Saturday, March 17, 2018

Recent Readings: A Return to the Troubles

Despite my recent inclination toward theology works, there's nothing like a good mystery novel to send a different sort of breeze rushing through your mind. I'm developing an affinity for crime fiction set in Northern Ireland. Writers such as Brian McGilloway and Stuart Neville (mentioned previously) are engaging in their tales of Ulster crime of today, but I was looking for something that would take me back to the days of the IRA, the Shankill Butchers, the Falls Road, the Maze Prison...in short, I wanted to vicariously live in that daunting period known as the Troubles.

Adrian McKinty takes one back to those days through his Detective Sean Duffy novels, beginning with The Cold, Cold Ground. Weaving in historical events with Belfast police procedural matters, McKinty takes the reader through the hunger strikes of the Maze Prison, the death of Bobby Sands, the news-arresting moment of when John Paul II was shot, and so on. The acrid smell of paramilitary bombs and the smacking of rubber bullets make this tale one that is felt as well as read.

Sean Duffy is assigned to a case north of Belfast in Carrickfergus, where he lives as the sole Catholic on a street full of diehard Protestants, sticking out like a cranberry on a bed of shredded coconut. Called to investigate a murder, Duffy soon discovers that they could have a serial killer on the loose targeting gay men. Complicating this matter are several realities: (a) Duffy, as a Catholic cop, has detractors on both sides of a red-hot divide, (b) the first murder victim is an IRA heavy player who had been noticed discussing business with the enemy days before, and (c) homosexuality is still illegal in Northern Ireland in 1981. An additional wrinkle ensues with other deaths, one of a young lady's suicide in which Duffy suspects there is more to the story.

Threaded through the story are Duffy's impulsive nature (what story wouldn't be complete without a gumshoe's brashness?), his love of classical music, and a developing yet conflicted romance with a lovely medical examiner.

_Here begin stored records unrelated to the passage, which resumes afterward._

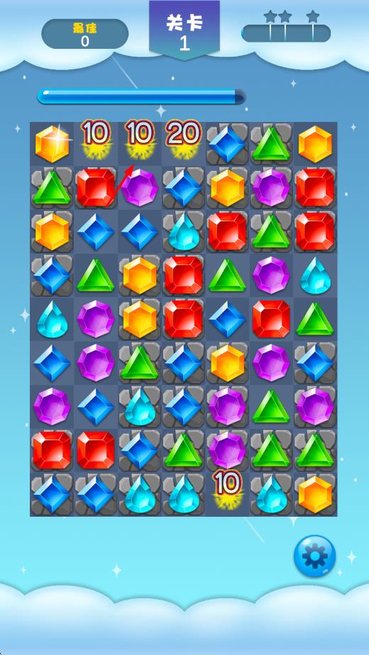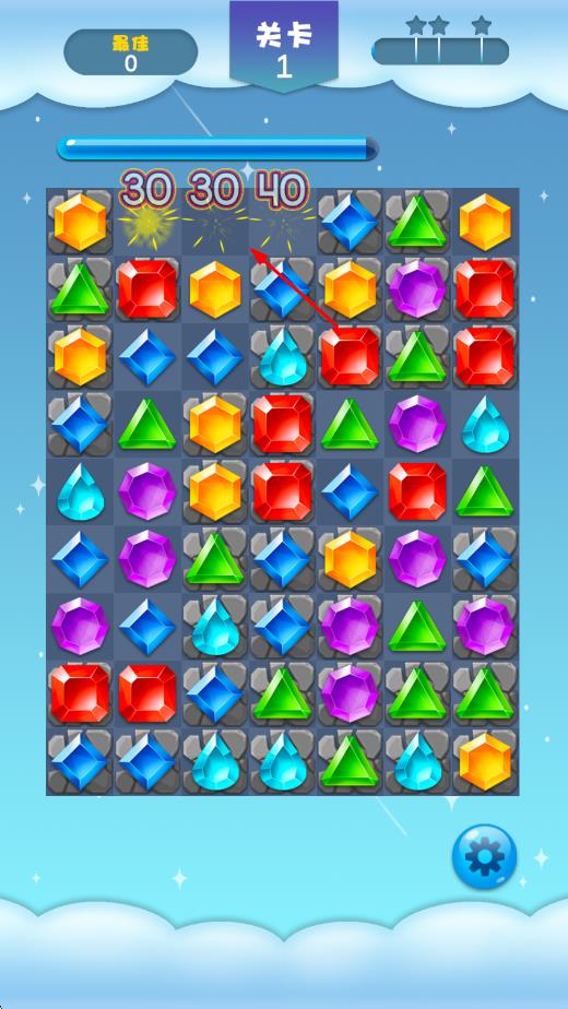 1、基础消除操作:滑动屏幕就可以交换相邻宝石位置,当三个及以上同色宝石横向或纵向相连时自动消除,获取对应分数。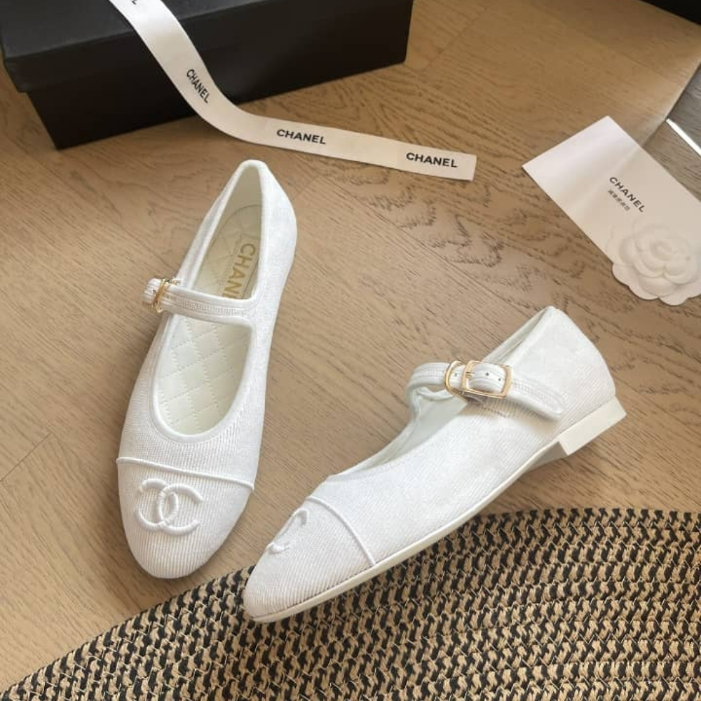 The Chanel Mary Jane Ballet Flats in white are a sophisticated take on a classic silhouette, featuring a clean fabric finish and the iconic CC logo embroidered on the toe. The design is elevated by an elegant instep strap with a polished gold-tone buckle, ensuring a secure and comfortable fit for all-day wear. With their luminous white palette and timeless Parisian charm, these flats effortlessly complement everything from tailored trousers to airy seasonal dresses.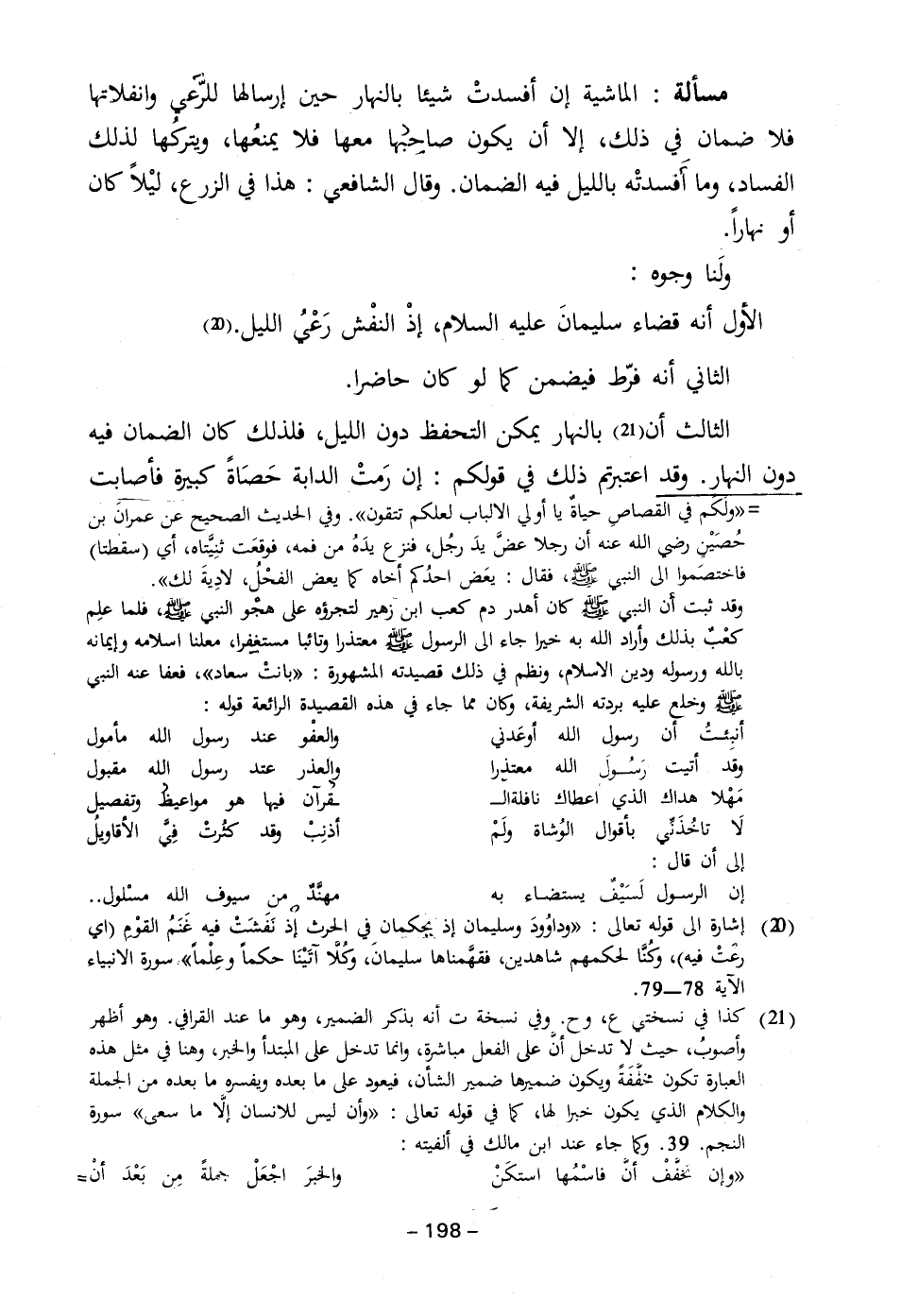 (٢٠) إشارة إلى قوله تعالى: {وَدَاوُودَ وَسُلَيْمَانَ إِذْ يَحْكُمَانِ فِي الْحَرْثِ إِذْ نَفَشَتْ فِيهِ غَنَمُ الْقَوْمِ (اي رعتْ فيه)، وَكُنَّا لِحُكْمِهِمْ شَاهِدِينَ (٧٨) فَفَهَّمْنَاهَا سُلَيْمَانَ وَكُلًّا آتَيْنَا حُكْمًا وَعِلْمًا} سورة الانبياء الآية ٧٨ - ٧٩.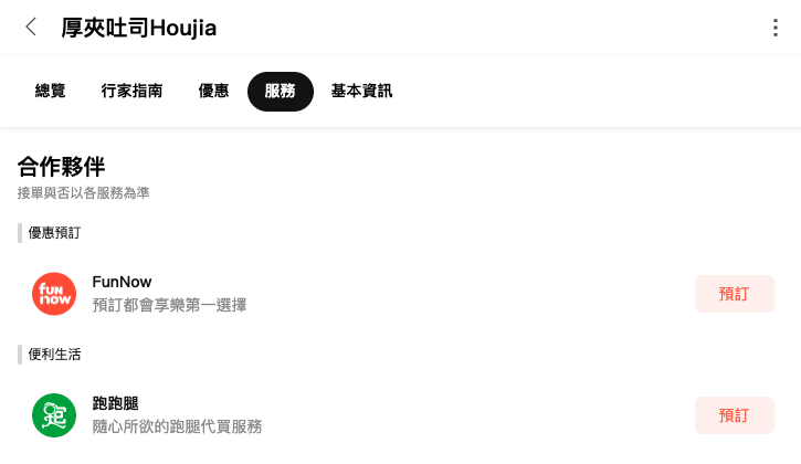跑跑腿:北部地區立即點擊商家資訊卡下的服務按鈕!

Pulsing in the background is the wonderment of how much everyone knows, and who might be working for the other side on the sly. With Northern Ireland as a part of the United Kingdom, the question of how deeply involved British intelligence might be is an open one. McKinty also moves the story through an expert understanding of detective and forensic knowledge. The reader doesn't lack for explanation but McKinty never lets the story bog down.

Needless to say, this is a gritty, edgy display of Belfast crime fiction. Readers who cut their teeth on Anne of Green Gables and have a preference for Jane Austen might have an adjustment curve. The occasional gratuitous sex and violence are woven into the tapestry of McKinty's work, to the point where I had some issues, especially with Duffy's impulsive dalliances. The Irish-dialect f-bombs and the like splash throughout the ordinary conversations. But as far as the language goes, these are Ulster coppers, it is Belfast, and it's 1981. Do the math. To beg for a spray-starch clean read is to groan for a lack of realism from that most brutal of historical periods. In short, this is a story that asks a lot from its readers, and that causes me to respect the author for that. For my part, I'm determined to make my way through the sequels in this trilogy later this year.